Ive tried to make some Image Upload function in PHP and everything works fine. Because i dont want the whole Page to reload, when uploading a File i wanted to use AJAX with Jquery, to send the Form Content (Image) via POST to a file like upload.php with an hidden ajax request.

No matter what i try its impossible to send anything with formData(). I copied & pasted several Sample Codes, tried changing the Code, nothing happens when i use formData().

A normal request with Jquery / Ajax, using POST works fine.

Here ist the Sample of my last used Code..

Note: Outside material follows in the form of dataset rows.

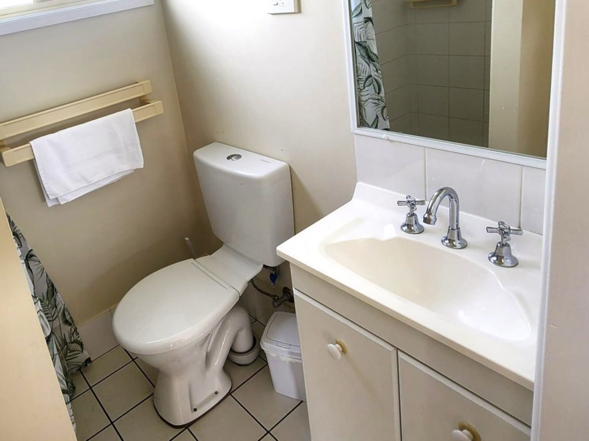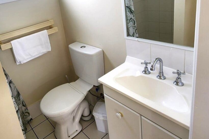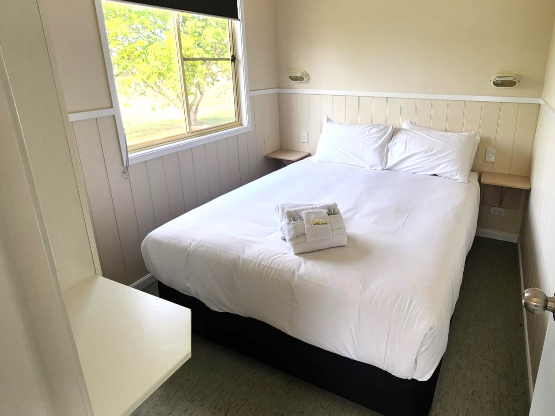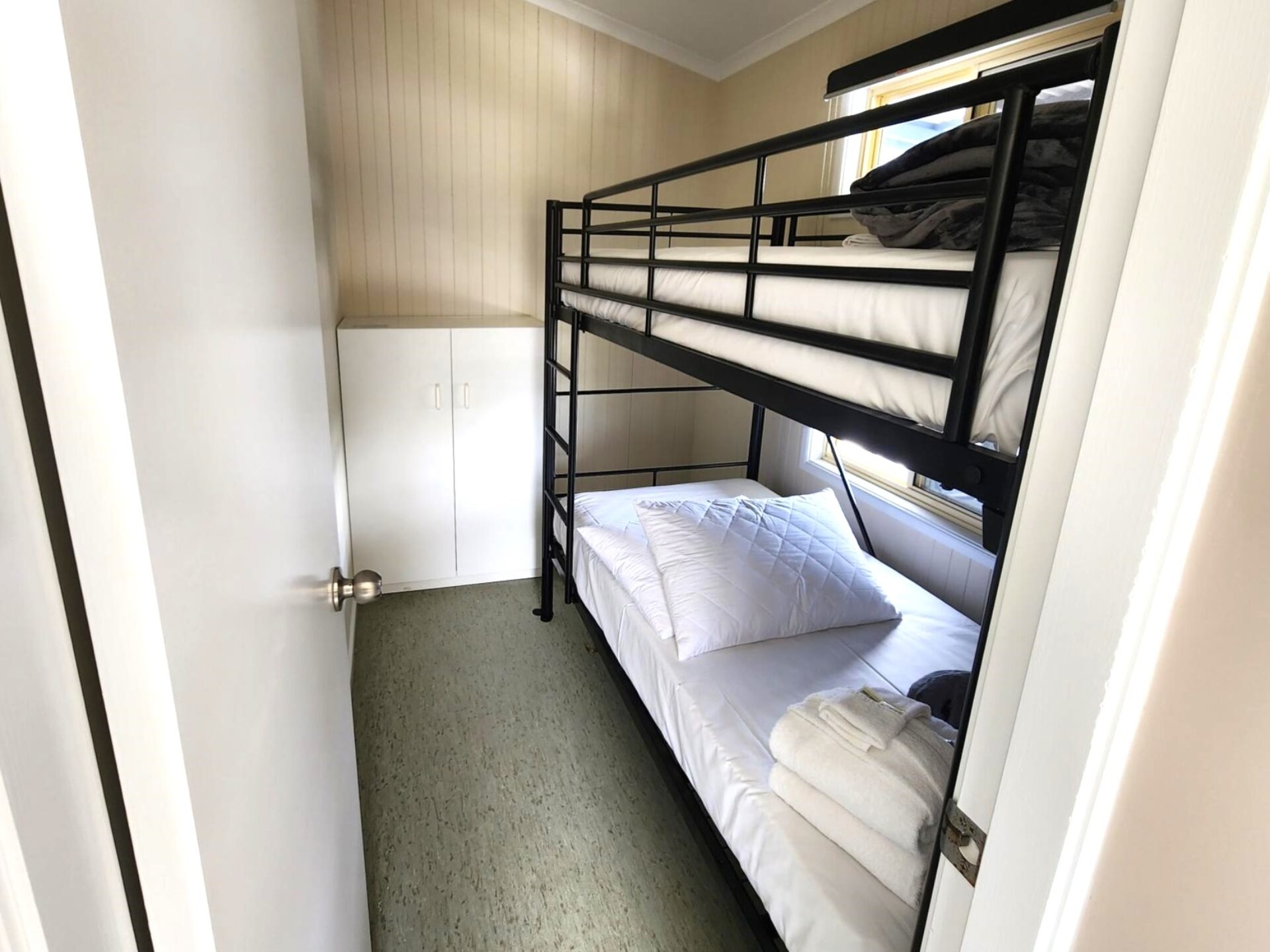 This two-bedroom cabin sleeps up to four with a queen bed and two single beds. It features a well-equipped kitchen with gas oven, stovetop, microwave, and bar fridge. Enjoy dining and relaxing in the open-plan living space with TV and air conditioning, or step out onto the spacious undercover balcony for a peaceful retreat.
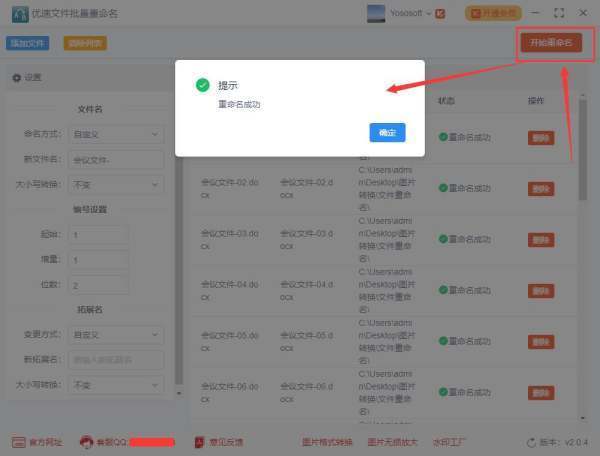 步骤3,当预览的新文件名没有问题的时候,点击右上角“开始重命名”按钮启动软件,当成功修改完文件名称后软件会自动弹出“重命名成功”的提示。
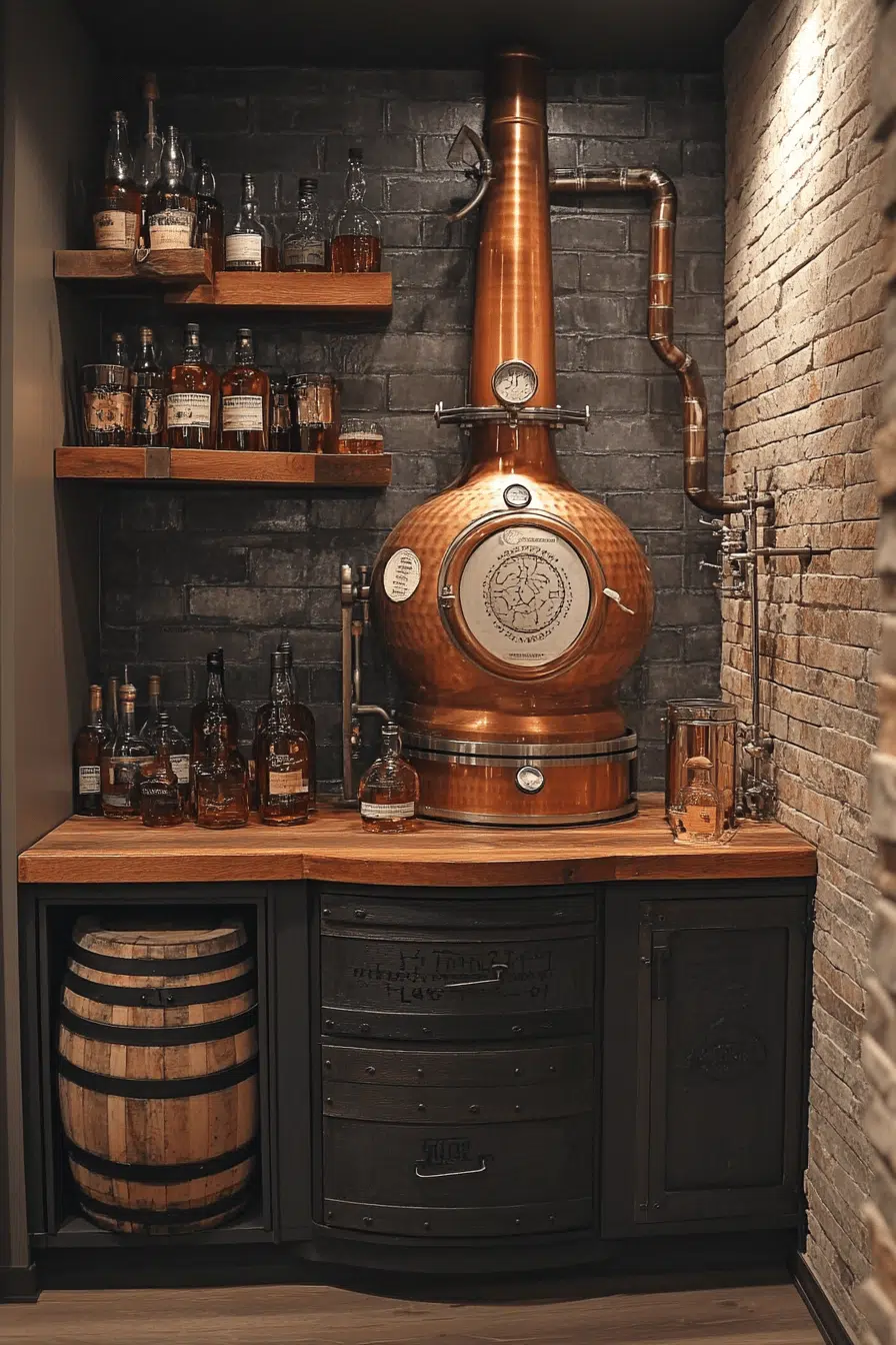 Hands-on craftsmanship elevates basement bar ideas designed as home distilleries. Functional materials support practical use. Dedicated tasting areas encourage learning and experimentation. The space feels authentic and purposeful. It blends hobby and hospitality seamlessly. Explore home distillery basement bar ideas with artisanal appeal.
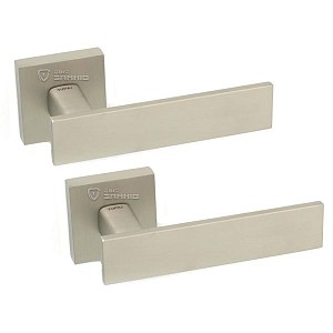 Ручки на розетте португальского производства TUPAI. Дверная фурнитура сделана с учетом экологических европейских стандартов. Изготавливается из латуни по современным технологиям на фабрике в Португалии. Популярный цвет - никель матовый - замечательно будет смотреться в комнате или офисном помещении в нежных светлых тонах. Покрытие наносится специальным методом гальваники в несколько слоев. Благодаря этому ручки будут выглядеть как новые до 24 месяцев. Дополнительно это обеспечивает устойчивость цвета к повреждению и царапинам. Также нажимная часть имеет двойную металлическую пружину, благодаря чему ручка не будет провисать. Современный дизайн в стиле хай-тек прекрасно дополнит дверное полотно с прямыми линиями.
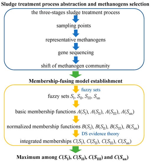 However, study on the shift of methanogen community in a sludge-treatment process has not been investigated yet. For a wastewater treatment plant, a clear characterization of the shift of methanogen community could reflect the efficiency and environmental condition of different processing stage, which could provide workers an advisable instruction to regulate the sludge-treatment process. In each sludge-processing stage, the structure of methanogen community is unique and in a relative stable range of change because of the heterogeneous and relatively steady environmental condition each stage provides. Therefore, the boundary of the methanogen community structure between two processing stages could not be such clear. Furthermore, the data error caused by sample contamination and faults occurring in data measurement and analysis processes has not been fully taken into consideration when analyzing the microbial information in previous research. Although paralleling samples were collected to weaken the data error, the method to process the paralleling data is just taking the average value. If the paralleling data deviated extremely, the average value could not represent the authentic one. Fuzzy sets are good at describing the vagueness of a certain phenomenon and uncertainty caused by data error [32,33,34], and Dempster-Shafer (DS) evidence theory is adept at fusing imprecise and conflict data from multi-sources [35,36]. Both theories are combined to resolve the problem of the uncertain boundary of the methanogen community structure between two sludge-processing stages and data error generated among paralleling data.
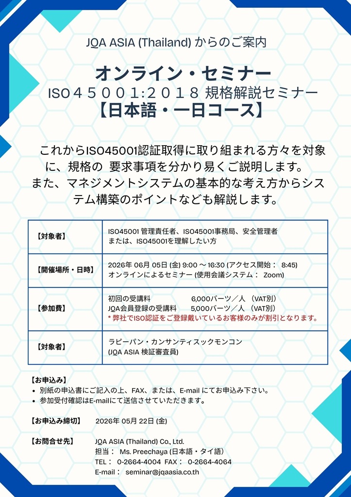 We have pleasure in informing you that JQA ASIA (Thailand) will hold the Web Seminar “ISO45001:2018 Requirements for Japanese”
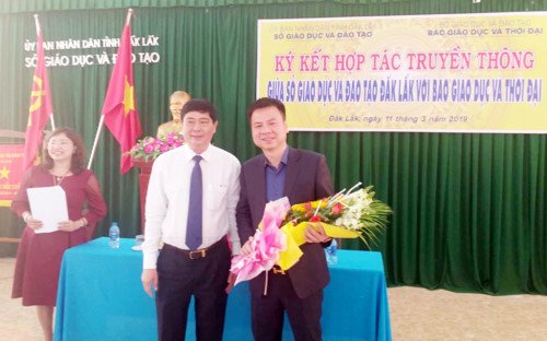 Tổng biên tập Triệu Ngọc Lâm (bên phải) và Giám đốc Sở GD&ĐT Đắk Lắk Phạm Đăng Khoa (bên trái) trao văn bản ký kếtGD&TĐ - Ngày 11/3/2019, tại thành phố Buôn Mê Thuột, Báo Giáo dục & Thời đại đã thực hiện việc ký kết hợp tác truyền thông với Sở Giáo dục & Đào tạo tỉnh Đắk Lắk.Tham dự buổi lễ ký kết, về phía Báo Giáo dục & Thời đại có ông Triệu Ngọc Lâm – Tổng Biên tập Báo cùng đại diện lãnh đạo các phòng, ban chuyên môn của Báo. Về phía Sở Giáo dục & Đào tạo tỉnh Đắk Lắk có ông Phạm Đăng Khoa – Tỉnh ủy viên – Giám đốc Sở Giáo dục & Đào tạo; bà Lê Thị Thanh Xuân – Đại biểu Quốc hội Khóa 14 – Phó Giám đốc Sở; bà Thái Mỹ Bình – Chánh văn phòng Sở…Tại lễ ký kết, ông Phạm Đăng Khoa đã giới thiệu khái quát về hoạt động của ngành Giáo dục tỉnh Đắk Lắk, những khó khăn, thuận lợi, những thành tựu mà ngành Giáo dục Đắk Lắk đã gặt hái được trong thời gian qua. Ông Phạm Đăng Khoa đánh giá cao ý nghĩa việc kí kết và tầm quan trọng của công tác truyền thông.
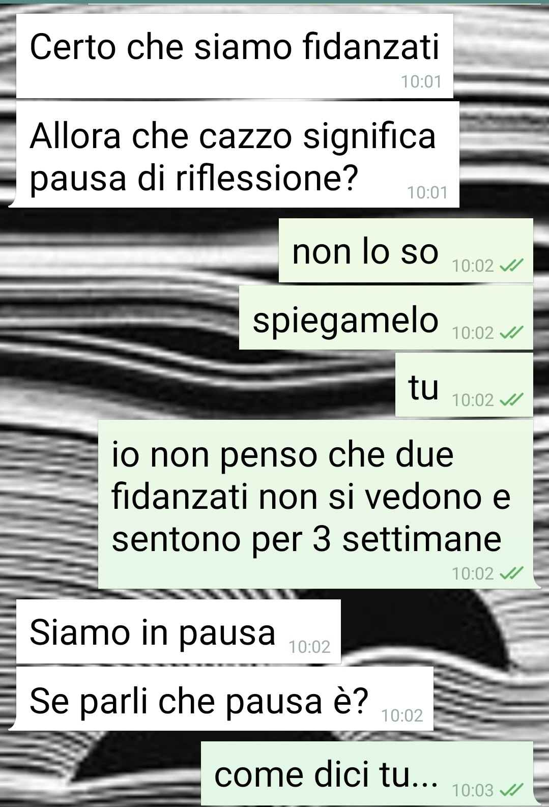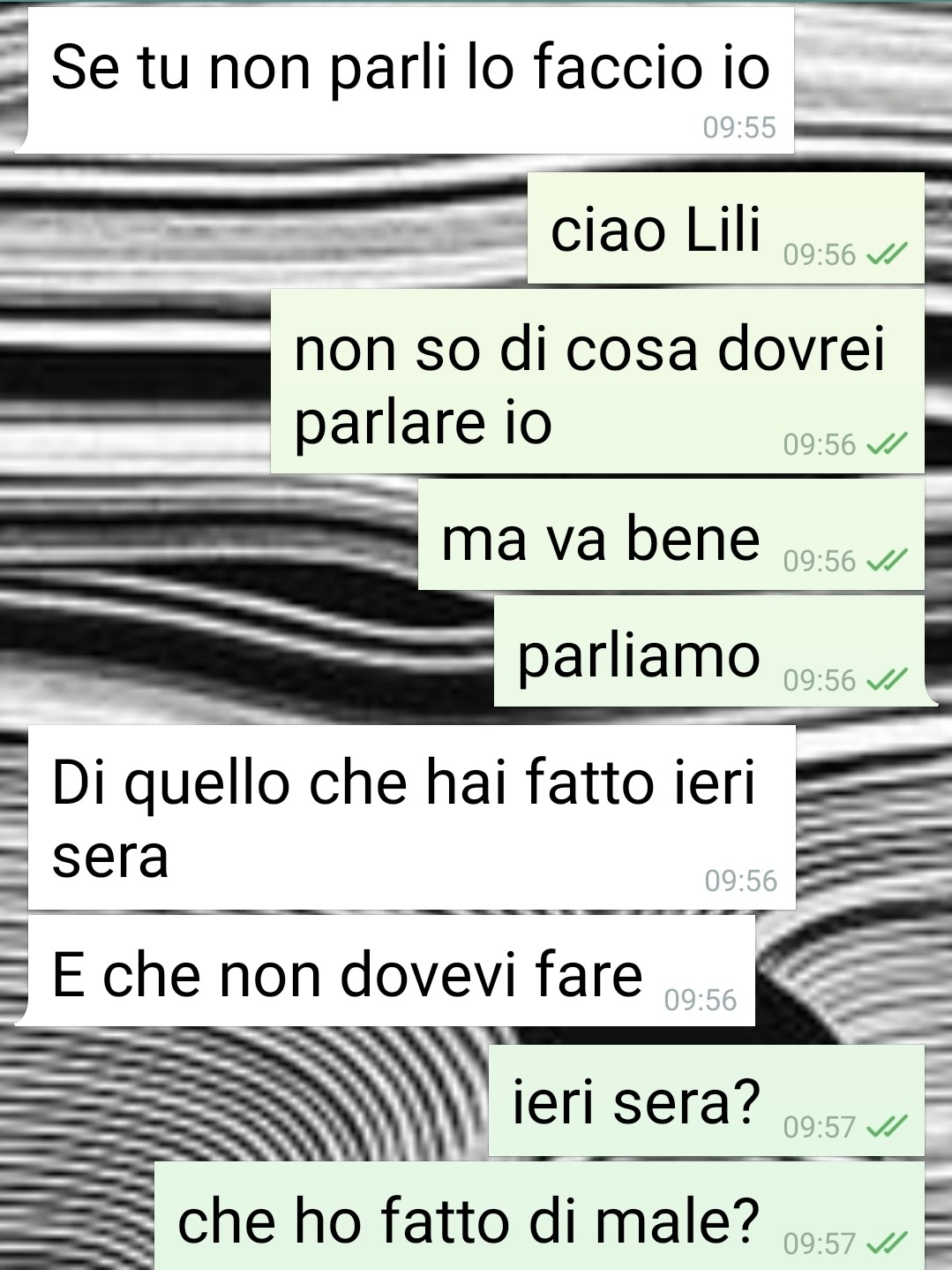 Vi mando questa chat perché vorrei che fosse letta per capire il disagio che io e molte altre persone nella mia situazione dobbiamo vivere ogni giorno. Ho avuto un battibecco con il mio fidanzato in seguito a una mia richiesta di consiglio su come fare le unghie con un motivo a “calici di vino” e la sua reazione è stata a dir poco irritante. All’inizio non ci avevo dato troppo peso, capita spesso che io e lui non andiamo d’accordo su delle cose, ma rileggendo i messaggi questa volta mi sono arrabbiata parecchio, perché trovo le sue parole e le sue richieste davvero inopportune per l’epoca in cui viviamo. Io sono sempre stata così, una persona solare, energica e che ama le feste e passare il tempo con le mie amicizie! Con questa chat non voglio assolutamente dire che io e il mio fidanzato non andiamo d’accordo o che lui sia un bigotto. Ma chiedo a voi, non dovrebbe essere lui il primo a prendere le mie difese davanti agli altri invece che criticarmi fino a questo punto? Dov’è il rispetto verso la mia persona?
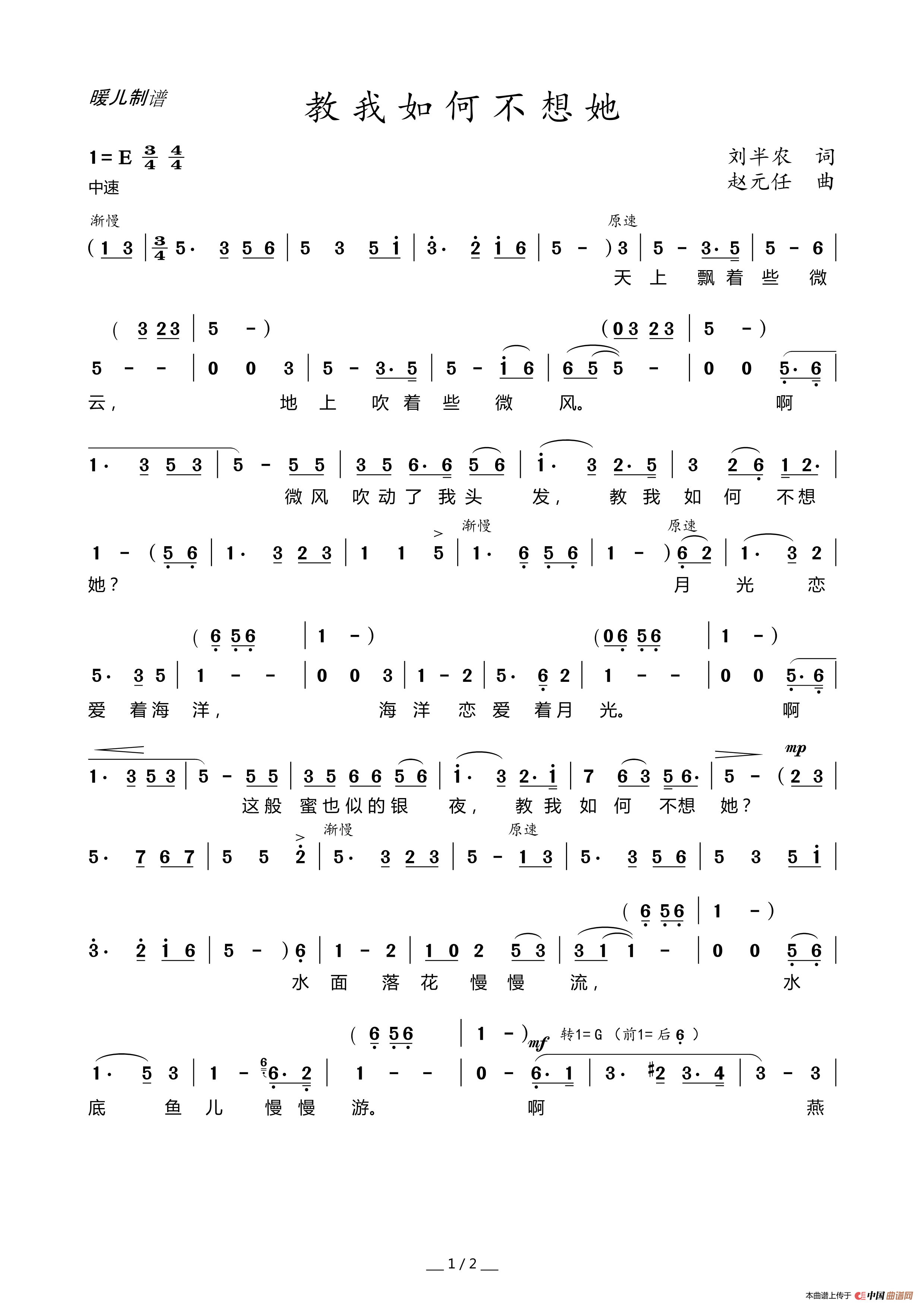 教我如何不想她简谱的结果_百度图片
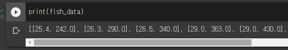fish_data = [[l, w] for l, w in zip(length, weight)]

Could my XamPP has been misconfigured, or what could cause that really not one of the Scripts from google, tutorial pages etc works?

<!DOCTYPE html>
<html>
<body>

<script type="text/javascript" src="jquery.min.js"></script>


<form id="Test" action="" method="post" enctype="multipart/form-data">
  Select image to upload:
  <input type="file" name="fileToUpload" id="fileToUpload">
 
</form>
 <button id="Knopf">Knopf</button>

<div id="Disp">fghfgh</div>

</body>


<script>

    



$(document).ready(function(){
  $("#Knopf").click(function(){
    
    var formData = new FormData(Test);

    $.ajax({
        url : "uploadtest2.php",
        type : "POST", 
        data : formData,
        cache : false,
        contentType : false,
        processType : false,
        success : function() {
            $("#Disp").html(result);
        }
    });

  });
});



</script>


</html>
<?php
$target_dir = "Media/uploads/";
$target_file = $target_dir . basename($_FILES["fileToUpload"]["name"]);
$uploadOk = 1;
$imageFileType = strtolower(pathinfo($target_file,PATHINFO_EXTENSION));

// Check if image file is a actual image or fake image
if(isset($_POST["submit"])) {
  $check = getimagesize($_FILES["fileToUpload"]["tmp_name"]);
  if($check !== false) {
    echo "File is an image - " . $check["mime"] . ".";
    $uploadOk = 1;
  } else {
    echo "File is not an image.";
    $uploadOk = 0;
  }
}

// Check if file already exists
if (file_exists($target_file)) {
  echo "Sorry, file already exists.";
  $uploadOk = 0;
}

// Check file size
if ($_FILES["fileToUpload"]["size"] > 500000) {
  echo "Sorry, your file is too large.";
  $uploadOk = 0;
}

// Allow certain file formats
if($imageFileType != "jpg" && $imageFileType != "png" && $imageFileType != "jpeg"
&& $imageFileType != "gif" ) {
  echo "Sorry, only JPG, JPEG, PNG & GIF files are allowed.";
  $uploadOk = 0;
}

// Check if $uploadOk is set to 0 by an error
if ($uploadOk == 0) {
  echo "Sorry, your file was not uploaded.";
// if everything is ok, try to upload file
} else {
  if (move_uploaded_file($_FILES["fileToUpload"]["tmp_name"], $target_file)) {
    echo "The file ". htmlspecialchars( basename( $_FILES["fileToUpload"]["name"])). " has been uploaded.";
  } else {
    echo "Sorry, there was an error uploading your file.";
  }
}
?>

2

Answers


  1. Please see: https://developer.mozilla.org/en-US/docs/Web/API/FormData/FormData

    You must use a Form Element:

    An HTML <form> element — when specified, the FormData object will be populated with the form’s current keys/values using the name property of each element for the keys and their submitted value for the values. It will also encode file input content.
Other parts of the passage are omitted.